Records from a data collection
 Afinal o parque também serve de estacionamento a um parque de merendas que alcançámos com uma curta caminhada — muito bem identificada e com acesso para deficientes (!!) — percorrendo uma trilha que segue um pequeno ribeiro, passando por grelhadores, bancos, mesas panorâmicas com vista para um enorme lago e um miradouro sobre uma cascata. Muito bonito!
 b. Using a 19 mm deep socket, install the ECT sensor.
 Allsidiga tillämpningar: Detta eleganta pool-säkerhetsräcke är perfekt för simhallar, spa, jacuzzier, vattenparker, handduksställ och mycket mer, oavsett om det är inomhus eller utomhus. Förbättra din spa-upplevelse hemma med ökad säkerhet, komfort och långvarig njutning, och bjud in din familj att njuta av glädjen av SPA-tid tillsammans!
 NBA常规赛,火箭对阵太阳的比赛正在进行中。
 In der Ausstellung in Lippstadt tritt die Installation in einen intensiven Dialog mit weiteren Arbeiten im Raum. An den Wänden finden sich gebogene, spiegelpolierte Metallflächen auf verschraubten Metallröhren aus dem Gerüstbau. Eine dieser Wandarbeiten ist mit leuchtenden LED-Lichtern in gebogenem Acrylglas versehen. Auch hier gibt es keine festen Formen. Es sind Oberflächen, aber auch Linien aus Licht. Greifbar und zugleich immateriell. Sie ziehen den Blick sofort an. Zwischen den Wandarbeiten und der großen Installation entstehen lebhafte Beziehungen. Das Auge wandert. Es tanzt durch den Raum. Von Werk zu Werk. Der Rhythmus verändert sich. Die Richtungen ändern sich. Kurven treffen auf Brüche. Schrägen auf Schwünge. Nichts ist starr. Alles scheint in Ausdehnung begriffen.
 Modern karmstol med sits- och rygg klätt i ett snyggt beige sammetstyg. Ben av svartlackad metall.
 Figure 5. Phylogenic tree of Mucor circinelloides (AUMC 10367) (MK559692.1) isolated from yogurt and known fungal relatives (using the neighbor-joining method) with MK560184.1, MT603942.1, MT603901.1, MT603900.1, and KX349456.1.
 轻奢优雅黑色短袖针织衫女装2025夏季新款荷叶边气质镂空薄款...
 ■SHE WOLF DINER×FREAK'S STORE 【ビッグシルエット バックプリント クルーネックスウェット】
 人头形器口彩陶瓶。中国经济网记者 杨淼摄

# What you should do:
Repeat word for word every line from the start of the entries to the line holding "b. Using a 19", inclusive, and nothing else.

# Answer section:
 Afinal o parque também serve de estacionamento a um parque de merendas que alcançámos com uma curta caminhada — muito bem identificada e com acesso para deficientes (!!) — percorrendo uma trilha que segue um pequeno ribeiro, passando por grelhadores, bancos, mesas panorâmicas com vista para um enorme lago e um miradouro sobre uma cascata. Muito bonito!
 b. Using a 19 mm deep socket, install the ECT sensor.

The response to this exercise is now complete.